Stacker types from TKRT include luffing, slewing and luffing combination, wing, radial and overhead stackers. Van der Merwe says that blending is the dominant criterion for the selection of a reclaimer and stacker combination. “Windrow stacking — which requires a slewing and luffing stacker with a longer boom — can increase the blending efficiency when reclaiming with a boom type bucket wheel machine, but offers no benefit when combined with bridge scraper reclaimers and drum reclaimers. Likewise strata stacking improves blending only when used in combination with portal scraper reclaimers”
Discussing TKRT’s train loading solutions,Van der Merwe says that high capacity operations conduct train loading in motion. “The train travels at a slow speed underneath the loading station while a weighed quantity of material is loaded according to each wagon’s axle capacity. “We can also offer a less conventional loading solution that uses a conveyor with a tripper moving along the side of a stationary train, filling the wagons one by one. The most suitable loading system is determined by the loading rate that is required. At the mine, a load out station must be selected that can meet the rail operator’s cycle time and wagon type requirements.
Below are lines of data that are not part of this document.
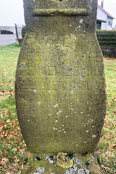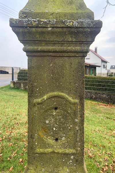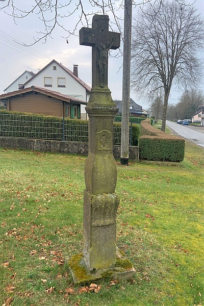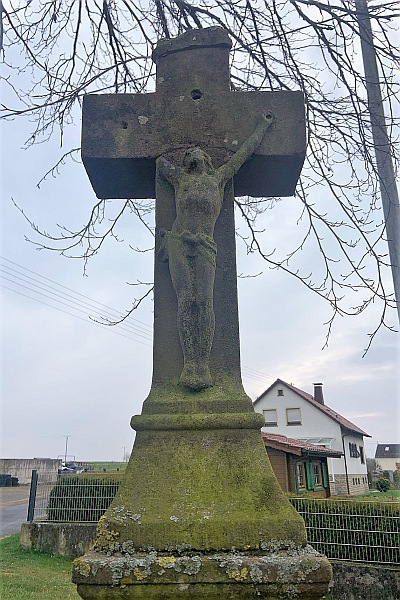 Schaftkreuz von 1830 (Inschrift) in stark verfremdeten Formen des 18. Jahrhunderts. Die Volute am Sockel, die bei den älteren Kreuzen einen Altarvorsprung trägt, hier ganz flachgedrückt, die Bauchung am unteren Schaftende erreicht etwa die halbe Schafthöhe. Charakteristisch für das 19. Jahrhundert auch die Verwendung zusätzlicher Materialien außer dem Sandstein (ursprünglich eisernes Medaillon am oberen Schaftteil, eiserner Korpus am großen Abschlußkreuz). [1]
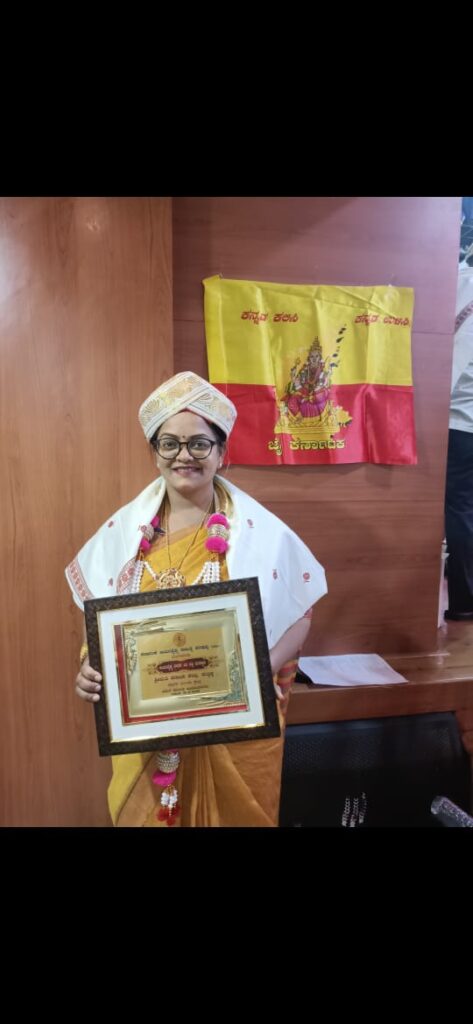 Proud to be honoured by Karnataka Arya Vysya Sahithya Parishath as a “ಆರ್ಯವೈಶ್ಯ ಸಾಧಕ ಸಿರಿ ದತ್ತಿ ಪುರಸ್ಕಾರ” as a “ಸಾಧಕ ಮಹಿಳೆ” for 39 years social service.
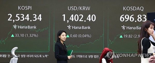 이날 코스피 종가는 전 거래일 대비 33.10포인트(1.32%) 오른 2,534.34로 집계됐다.

At port side, there are several equipment options available for train unloading including bottom and side discharge wagon tipplers, rotary and tandem rotary wagon tipplers.”
Finally moving to shiploading,Van der Merwe says that temporary shiploaders and container tipplers can be used for low to medium capacity shared facilities. “Dedicated systems are preferred for high capacity loading. While construction of radial type shiploaders and their supporting quays are more economical, they are only suitable for single berth quays and a specific ship size. Co-ordinate shiploaders (shiploaders that travel in a straight line, with a luffing and telescoping boom) can serve several berths and ship sizes on the same side of a quay. Travelling shiploaders with luffing and slewing boom offers maximum flexibility as they can be used on both sides of the quay and can load differing ship size requirements.”
In closing, Göing points out that TKRT, as an engineering driven company, delivers modern, world class, turnkey solutions which includes not only equipment supply but also excellent service throughout the lifecycle of a project or equipment. “Whether new projects, plant upgrades, refurbishments or improvements, our sophisticated systems are supported by highly trained and qualified service engineers and technicians offering product support, audits, inspections, technical advice, maintenance, repair, spare parts and components. We form a long-term partnership with our customers, working closely with them to optimize plant efficiency so they can reap the benefits of lowest total cost of ownership and a high return on investment.”